Budaya pesisiran terbentuk dari letak geografis pesisir, yakni di sepanjang tepian pantai. Di Jawa Tengah, budaya pesisiran merupakan aspek penting dan tak terpisahkan dari budaya Jawa.
“Budaya pesisiran justru merupakan awal dari budaya-budaya bukan pesisir, misalnya keraton, karena budaya itu tetap dan cenderung tidak berubah-ubah atau termodifikasi,” ujar Dr Suyanto SKar MA, Pembantu Rektor I Institut Seni Indonesia Surakarta, saat menjadi pembicara dalam Sarasehan Selasa Legen ke-47, Senin (28/10) malam, di auditorium Universitas Negeri Semarang (Unnes) kampus Sekaran.
Oleh sebab itu, menurutnya, ciri khas budaya pesisiran adalah lugu. “Kita bisa melihat orang pesisiran yang berwatak keras dan cenderung ceplas-ceplos ketika berbicara. Tidak ada yang ditutup-tutupi,” ujarnya, dalam sarasehan bertema “Pakeliran Pesisiran” itu.

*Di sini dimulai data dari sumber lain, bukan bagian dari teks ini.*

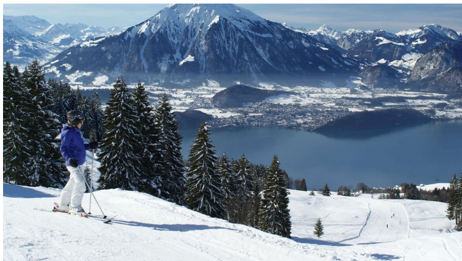
schwanden-bei-sigriswil-skigebiet-winter-niesen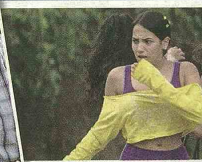
'Los 3 Caines', 'La promesa' y 'Escobar, el patrón del mal' generaron un duro debate en el país por sus contenidos.

Lebih jauh, Suyanto memberikan contoh dalam hal kesenian wayang kulit khas Rembang. Selain wujud wayangnya yang relatif lebih kecil daripada gaya Surakarta, tatahan wayang pesisiran juga besar-besar. “Selain itu warnanya juga mencolok dan jelas, semisal hijau, kuning, biru. Ini adalah wujud bahwa budaya pesisiran itu relatif lebih mengedepankan ketegasan,” katanya, di hadapan Rektor Unnes Prof Fathur Rokhman MHum, dosen, mahasiswa dan pemerhati budaya. Sarasehan dimoderatori oleh Gunawan Budi Susanto, redaktur budaya harian Suara Merdeka.
Pakeliran Pesisiran
Sebelum sarasehan dimulai, pembicara lain pada sarasehan yang sama, Ki Sigid Ariyanto, menyajikan pakeliran padat pesisiran dengan lakon “Prabu Badhog Basu”. Selama 45 menit, Ki Sigid membabar lakon yang ia dudah dari berbagai referensi.

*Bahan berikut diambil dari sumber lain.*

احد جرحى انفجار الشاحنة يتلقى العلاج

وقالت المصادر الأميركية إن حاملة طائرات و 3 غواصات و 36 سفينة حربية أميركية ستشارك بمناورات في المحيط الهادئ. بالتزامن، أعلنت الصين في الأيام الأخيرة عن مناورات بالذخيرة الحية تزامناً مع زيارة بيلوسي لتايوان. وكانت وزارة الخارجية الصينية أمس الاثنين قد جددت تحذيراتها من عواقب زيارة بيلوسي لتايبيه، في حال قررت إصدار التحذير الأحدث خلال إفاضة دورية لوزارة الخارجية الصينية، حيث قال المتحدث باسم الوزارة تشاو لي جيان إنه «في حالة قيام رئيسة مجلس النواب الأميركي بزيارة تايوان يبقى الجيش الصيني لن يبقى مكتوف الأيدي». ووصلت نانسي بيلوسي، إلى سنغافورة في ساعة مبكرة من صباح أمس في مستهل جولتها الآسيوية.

“Setelah tahun 1965, pakeliran pesisiran sudah tidak dipergelarkan lagi karena ketika itu, para dalang dianggap tidak berkembang bila tidak mendalang dengan gaya Surakarta,” kata dalang kelahiran Rembang ini.
Dia mengaku selama ini berusaha mencari referensi pakeliran pesisiran untuk menyajikan dan menyuguhkannya kembali agar tidak musnah tergilas zaman. “Tidak hanya menyuguhkan kembali, tetapi saya berusaha menyesuaikannya dengan perkembangan garap pakeliran,” ungkapnya.

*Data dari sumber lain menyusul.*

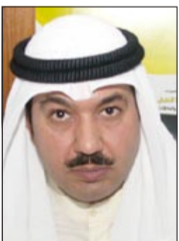
المستشار أنور العنزي

تم ضبط يوم أول من أمس كمية كبيرة تقدر بـ 10 أطنان من الألبان الفاسدة المنتهية الصلاحية وذلك خلال حملة مفاجئة من قبل مفتشى بلدية الجهراء بالتعاون مع رجال الأمن. وقال مصدر أمني أن حملة مفاجئة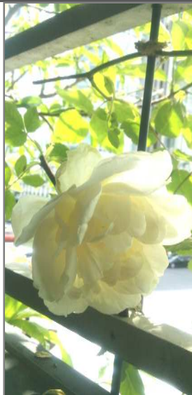
マダム・アルフレッド・キャリエール

今年のバラは皆さんのお越しをつぼみのままでは待ちきれず、花の状態でおめかしして首ではなく茎を長く伸ばしてお待ちしています。アーバンファームで育ったバラの晴れ姿、散ってしまう前に是非その目でご覧ください！(北澤)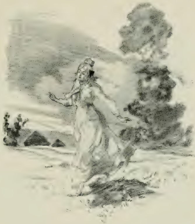
VALENTINE FRANCHIT LA PRAIRIE D'UN PIED RAPIDE.

— Tu veux donc que je t'en parle, ô ma courageuse sœur ! J'ai cru que je n'oserais jamais te rappeler son existence. Eh bien, ta grandeur d'âme surpasse tout ce que j'en espérais. Mon fils existe, il ne m'a jamais quittée ; c'est moi qui l'ai élevé. Je n'ai point essayé de dissimuler ma faute en l'éloignant de moi ou en lui refusant mon nom. Partout il m'a suivie, partout sa présence a révélé

Rembang dan Lasem, menurut Ki Sigid, sebenarnya telah memiliki gaya pakeliran sendiri. “Akan tetapi karena kepentingan penguasa ketika itu, gaya ini diusung, dirubah, dan dilabeli sebagai ciptaan mereka yang berkuasa,” katanya. Terbukti bahwa telah ada pathet lasem, srepeg dan sampak lasem dalam pakeliran.”
Adapun Prof Dr Muhammad Jazuli MHum, guru besar Unnes bidang seni pertunjukan mengatakan, pakeliran pesisiran harus digali referensinya secara mendalam agar mampu bertahan dan terdokumentasikan sebagai salah satu wujud kebudayaan.
adakah karakter pesisiran yang muncul pada karakter unnes ? ceplas-ceplos dan blaka suta … ?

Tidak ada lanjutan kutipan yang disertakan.